Home / Papers / Musical Word Embedding for Music Tagging and Retrieval

Musical Word Embedding for Music Tagging and Retrieval

DOI: 10.48550/arXiv.2404.13569Semantic Scholar

2 Citations•2024•

Seungheon Doh, Jongpil Lee, Dasaem Jeong

ArXiv

It is demonstrated that the effectiveness of musical supervision varies by task - specifically, tag-level supervision improves tagging performance while track-level supervision enhances retrieval performance, which suggests that the choice of musical supervision in representation learning needs to be carefully considered based on the target task.

Abstract

Word embedding has become an essential means for text-based information retrieval. Typically, word embeddings are learned from large quantities of general and unstructured text data. However, in the domain of music, word embedding may have difficulty understanding musical contexts or recognizing music-related entities like artists and tracks.
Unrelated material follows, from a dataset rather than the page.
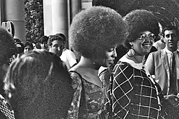 Activists in the 1970's used Socialism and reinterpreted in order to encompass members of radical movements, whether it be the Black Panther Party or the Gay and Lesbian Left. The overlap between all of these different radical movements was that they were oppressed peoples who were subjugated by the ruling straight white male elite class. Similar themes between these different movements was the issue of capitalist violence that was used to preserve power for the ruling class. There was a prominent group of socialist activists in San Francisco who were combatting the issues of homophobia, American imperialism, and police brutality. The assassination of gay rights proponent Harvey Milk by an ex-cop resulted in police violence that “encouraged attacks on gay men, Lesbians, prostitutes, and Third World people".[197] Angela Davis, an ally of the Black Panther Party and a socialist, viewed capitalism as an inherently violent system. In response to a question regarding the violent nature of the Black Panthers, she says “If you are a black person who lives in a black community all your life and walk out on the street everyday seeing white policemen surrounding you… When you live under a situation like that constantly, and then you ask me whether I approve of violence, I mean, that just doesn’t make sense at all.” Davis speaks to how capitalism subjugates black people through violence and that the main purpose of police is to protect white supremacy. The Black Panther Party were prominent members of Black Power Movement and was fueled by what they saw as systemic racism perpetuated against black people. According to Douglas Sturm, Professor Emeritus of Religion and Political Science at Bucknell University: "Police brutality, lack of opportunity, and the realization that opportunity was not forthcoming in the near future led many Blacks to conclude that armed self-defense coupled with self-help was the only way to end the despair."[198] This armed-self defense made many white Americans fearful of the Black Panthers and contributed to the FBI's designation of the Black Panthers as a terrorist organization. Although the Black Panthers were labeled violent extremists and terrorists, they provided many resources to their communities, including free healthcare, breakfast, and education services.[199]

To address this issue, we propose a new approach called Musical Word Embedding (MWE), which involves learning from various types of texts, including both everyday and music-related vocabulary. We integrate MWE into an audio-word joint representation framework for tagging and retrieving music, using words like tag, artist, and track that have different levels of musical specificity. Through extensive experiments, we demonstrate that the effectiveness of musical supervision varies by task - specifically, tag-level supervision improves tagging performance while track-level supervision enhances retrieval performance. This finding suggests that the choice of musical supervision in representation learning needs to be carefully considered based on the target task. To balance this compromise, we suggest multi-prototype training that uses words with different levels of musical specificity jointly. We evaluate both word embedding and audio-word joint embedding on four tasks (tag rank prediction, music tagging, query-by-tag, and query-by-track) across two datasets (Million Song Dataset and MTG-Jamendo). The results show that the suggested MWE is more efficient and effective for both in-domain and out-of-domain datasets compared to conventional word embedding.